Cerebrospinal fluid levels of neurofilament light chain, a protein associated with nerve cell damage, can predict disease progression in people with clinical isolated syndrome (CIS) and relapsing-remitting multiple sclerosis (RRMS), a Swedish study found.
Higher levels of neurofilament light chain (NFL) in the fluid that surrounds the brain and spinal cord, the cerebrospinal fluid (CSF), were associated with the appearance of new brain lesions on magnetic resonance imaging (MRI) scans, and also loss of brain volume during a four-year follow-up period.
The study “Neurofilament levels, disease activity and brain volume during follow-up in multiple sclerosis” was published in the Journal of Neuroinflammation.
Better prognostic biomarkers, ones that are able to predict MS disease activity and identify who is at higher risk of developing new lesions or flare-ups, are needed.
Prior studies indicated that brain volume loss detected with MRI, and markers present in the CSF or blood, may be used as tools to assess disease progression and activity.
One of these potential biomarkers is NFL, a protein exclusive of nerve cells and one of the major byproducts released to the CSF and blood during nerve cell death. That makes NLF a potential “universal biomarker” of neurodegeneration.
CSF levels of NFL correlate with long-term prognosis, and are a risk factor for conversion from CIS to relapsing MS. But blood tests are preferable because they are less invasive compared to CSF sampling and MRI scans. In fact, increasing evidence suggests that measuring NFL levels in the blood can be a good test for prognosis and disease monitoring of MS.

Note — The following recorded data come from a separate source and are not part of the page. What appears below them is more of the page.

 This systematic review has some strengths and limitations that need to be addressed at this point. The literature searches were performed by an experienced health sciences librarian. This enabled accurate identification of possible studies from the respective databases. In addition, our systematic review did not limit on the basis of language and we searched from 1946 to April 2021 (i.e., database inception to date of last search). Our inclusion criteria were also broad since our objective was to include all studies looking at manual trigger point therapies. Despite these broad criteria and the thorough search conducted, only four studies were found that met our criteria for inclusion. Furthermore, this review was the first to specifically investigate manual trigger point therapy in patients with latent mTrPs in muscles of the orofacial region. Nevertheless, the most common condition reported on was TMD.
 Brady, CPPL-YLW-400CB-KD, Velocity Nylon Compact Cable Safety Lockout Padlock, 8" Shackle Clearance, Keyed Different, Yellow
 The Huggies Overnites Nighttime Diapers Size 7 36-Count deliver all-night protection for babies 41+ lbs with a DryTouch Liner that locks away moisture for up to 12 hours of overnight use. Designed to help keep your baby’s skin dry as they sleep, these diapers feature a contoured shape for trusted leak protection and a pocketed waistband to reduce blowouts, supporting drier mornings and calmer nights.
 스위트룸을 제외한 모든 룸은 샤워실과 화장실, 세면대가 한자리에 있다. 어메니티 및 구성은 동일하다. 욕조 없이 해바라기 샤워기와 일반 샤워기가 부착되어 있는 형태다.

Based on these promising findings, researchers now examined the correlation between NFL levels in the serum (blood) and CSF. The team also looked for links to other neurodegenerative and neuroinflammatory biomarkers, disease activity measured on MRI scans, disability level, and relapses.
A group of 41 patients with newly diagnosed CIS or RRMS, referred to the department of Neurology, University Hospital of Linköping, Sweden, were monitored for a four-year period. Analyses were compared to a group of 22 healthy people used as controls.

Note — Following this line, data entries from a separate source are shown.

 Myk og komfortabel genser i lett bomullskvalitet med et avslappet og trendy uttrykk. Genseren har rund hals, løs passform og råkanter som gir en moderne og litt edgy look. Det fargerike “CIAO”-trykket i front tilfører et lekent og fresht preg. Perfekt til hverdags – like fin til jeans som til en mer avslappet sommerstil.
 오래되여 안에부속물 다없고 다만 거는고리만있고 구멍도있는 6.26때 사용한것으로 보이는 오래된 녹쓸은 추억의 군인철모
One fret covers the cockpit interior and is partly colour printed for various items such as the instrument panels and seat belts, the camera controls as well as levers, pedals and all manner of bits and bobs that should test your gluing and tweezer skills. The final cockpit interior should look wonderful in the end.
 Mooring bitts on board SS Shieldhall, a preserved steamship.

Patients underwent clinical examination, blood and CSF sampling, as well as MRI exams at baseline and at one, two, and four years of follow-up. Immunomodulatory treatment was maintained throughout the study.
Serum and CSF levels of NFL correlated significantly in patients at baseline; both were significantly higher in patients when compared to healthy participants.

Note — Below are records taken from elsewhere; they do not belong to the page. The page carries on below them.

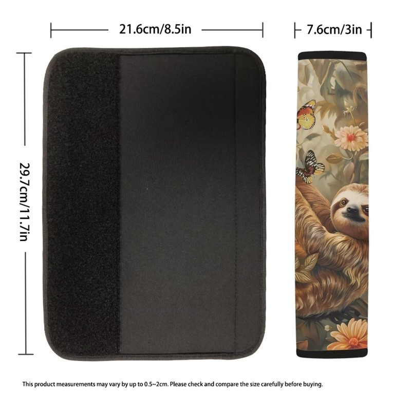 Fipuivrn Sloth Butterfly Pattern 2 Pack Car Seat Belt Cover, Daisy Palm Leaf Anti-Slip Seatbelt Shoulder Protection Comfort Seatbelt Shoulder Pad Release Stress to Neck and Shoulder
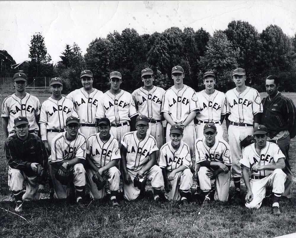 Black and white photograph (scanned copy) of the Lacey Lions Baseball Team, date unknown, but possibly c. 1950s. Al Homann is at the far right in the back row. He is possibly a coach or team manager.Made/Created
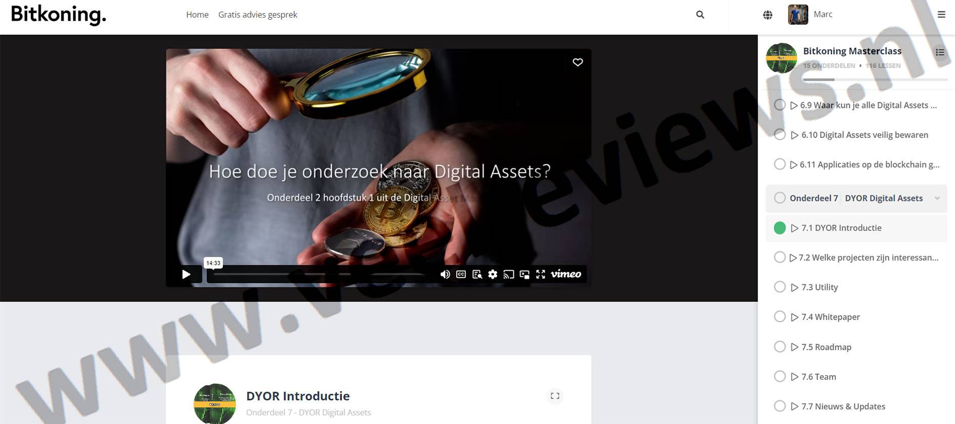 Ik wil je vertellen over de Bitkoning Masterclass trial, die je kunt vinden op de website van Bitkoning. Met deze trial kun je toegang krijgen tot een deel van het uitgebreide lesmateriaal van de Masterclass.
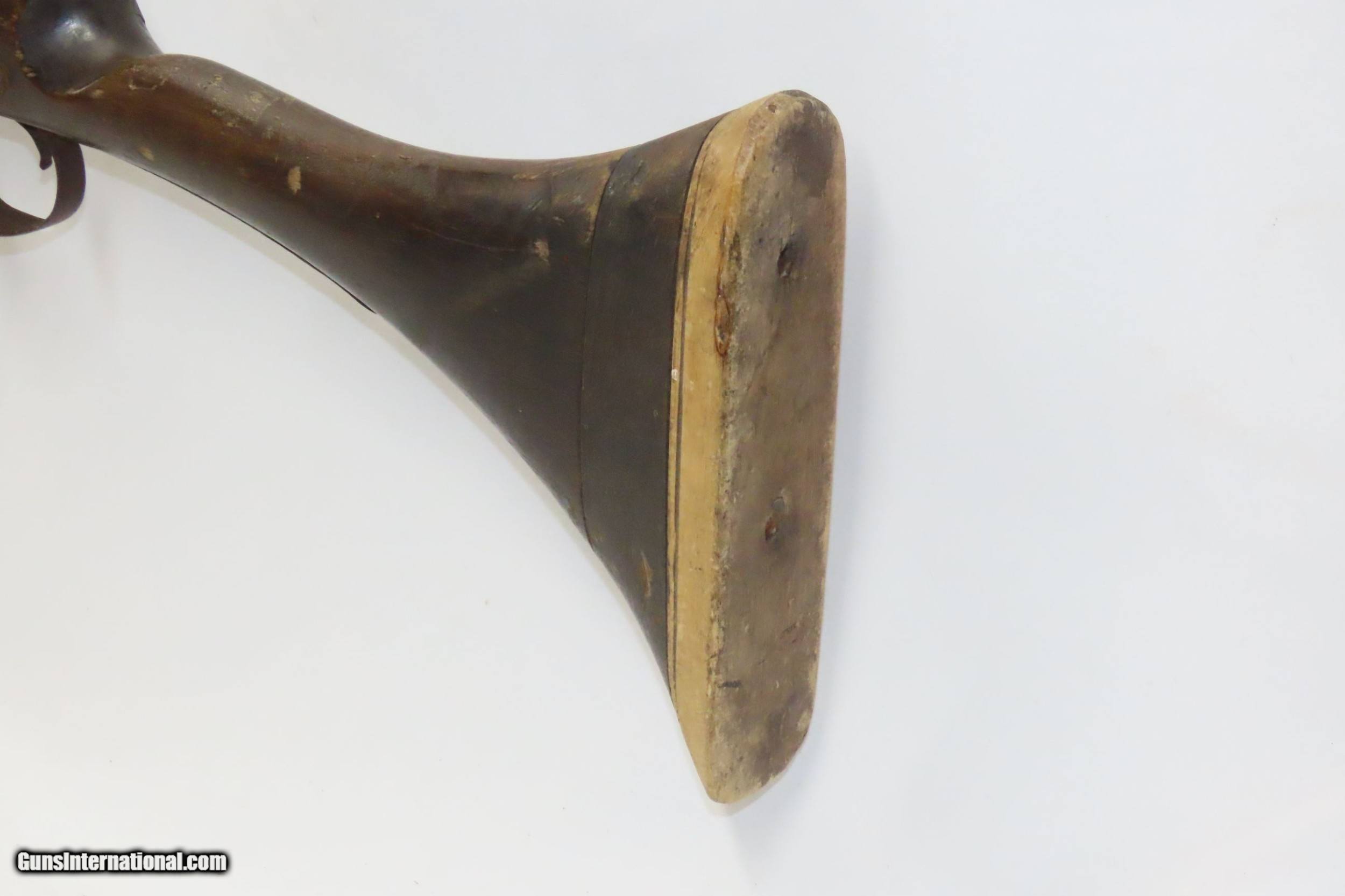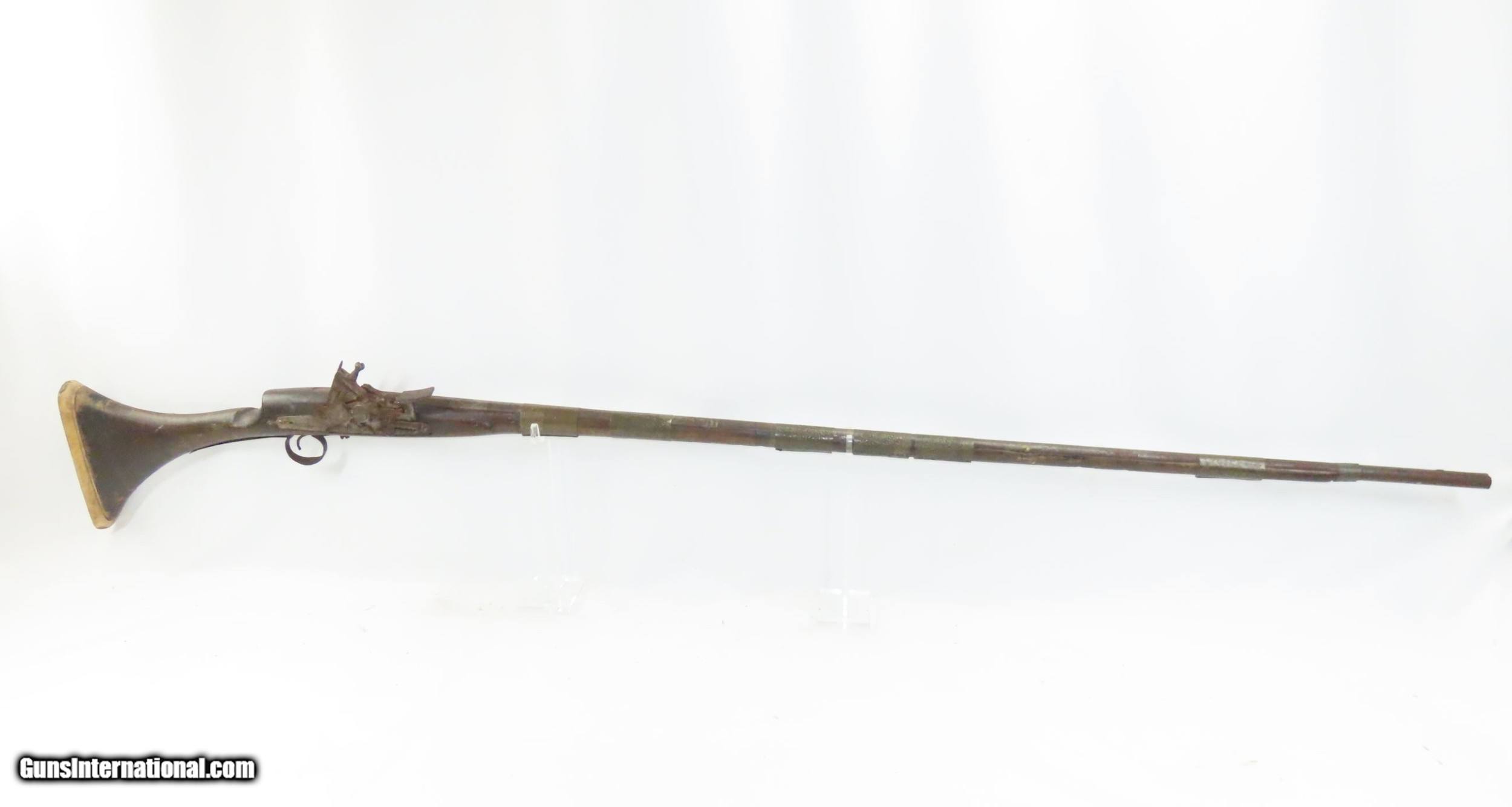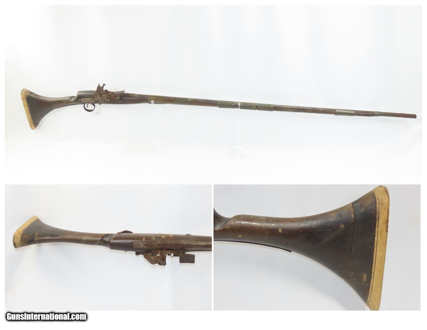 Description: BARBARY COAST/MEDITERRANEAN Antique KABYLE Snaphaunce FLINTLOCK Musket Unique North African Berber Flintlock Musket Here we present an antique Kabyle Snaphaunce Musket (also called moukalla), made circa 1800 in the Barbary Coast region of North Africa. The Barbary Coast was home to much upheaval, as many of the various kingdoms that made it up were member states of the Ottoman Turkish Empire. Pirates found their safe havens on the coast and raided the Mediterranean Sea and taking slaves. The slave trade was another unsavory reality of the northern coast of North Africa. In fact, piracy and the taking of European and American slaves came to be so great a problem at various points over the centuries that nations like Spain and even the U.S. took military action—Spain in the 1730s and America in 1805. The snaphaunce lock was one of the earliest flintlock systems. These types of locks were used with this style of musket in Africa for a very long period, one source stating from the 17th through the 20th century. The action does not function. The bore is smooth and dark. Absent ramrod. A slight bend in the muzzle is present. Own the original! This is a legitimate antique and not a reproduction. Barrel is 52 inches. Caliber: .60 Overall condition as seen in photos. Very Fast. Very Safe. FREE SHIPPING WORLDWIDE. Delivered directly to your door by express mail! Guaranteed AUTHENTIC & Includes CERTIFICATE OF AUTHENTICITY. ancestryguns $1200 #217742 SOLD Antique: Yes |
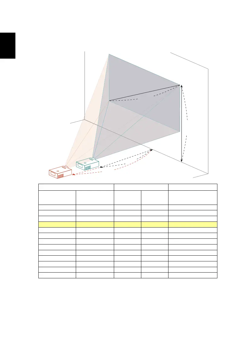 To obtain an image size of 60" set the projector at a distance 2.0 m and 2.2 m

However, NFL levels in the CSF were stronger predictors of disease activity than in the serum. CSF levels were more sensitive in identifying patients with “no evidence of disease activity-3” (NEDA-3) — a definition of absence of active disease — NEDA-3 is a defined as no relapses, no brain MRI activity, and no confirmed disability worsening.
CSF levels of NFL predicted active disease with a sensitivity of 95% at one year, 93% at two years, and 81% at four years. In contrast, sensitivity of serum levels was lower: 76% at one year, 74% at two years, and 72% at four years.
Also, NLF levels seem to predict which patients with CIS will progress to RRMS. Levels of NFL and two other biomarkers, CXCL10 and MMP-9, present in CSF were significantly higher in patients who converted to RRMS during follow-up, compared with non-converters. Contrarily, NFL and other markers in the serum did not differ.
Other biomarkers in CSF, such as CHI3L1, CXCL1, CXCL10, CXCL13, CCL22, and MMP-9, also correlated with disease activity either with loss of brain volume or the appearance of new brain lesions.
“CSF-NFL predicts and reflects disease activity better than [serum]-NFL,” the researchers wrote. “Our findings further add to the accumulating evidence that CSF-NFL is a useful biomarker in CIS and RRMS and should be considered in the expanding NEDA concept,” they added.
Other biomarkers that need further study include CSF CXCL10 and CHI3L1 for prediction of disease activity and brain volume loss, respectively, researchers noted.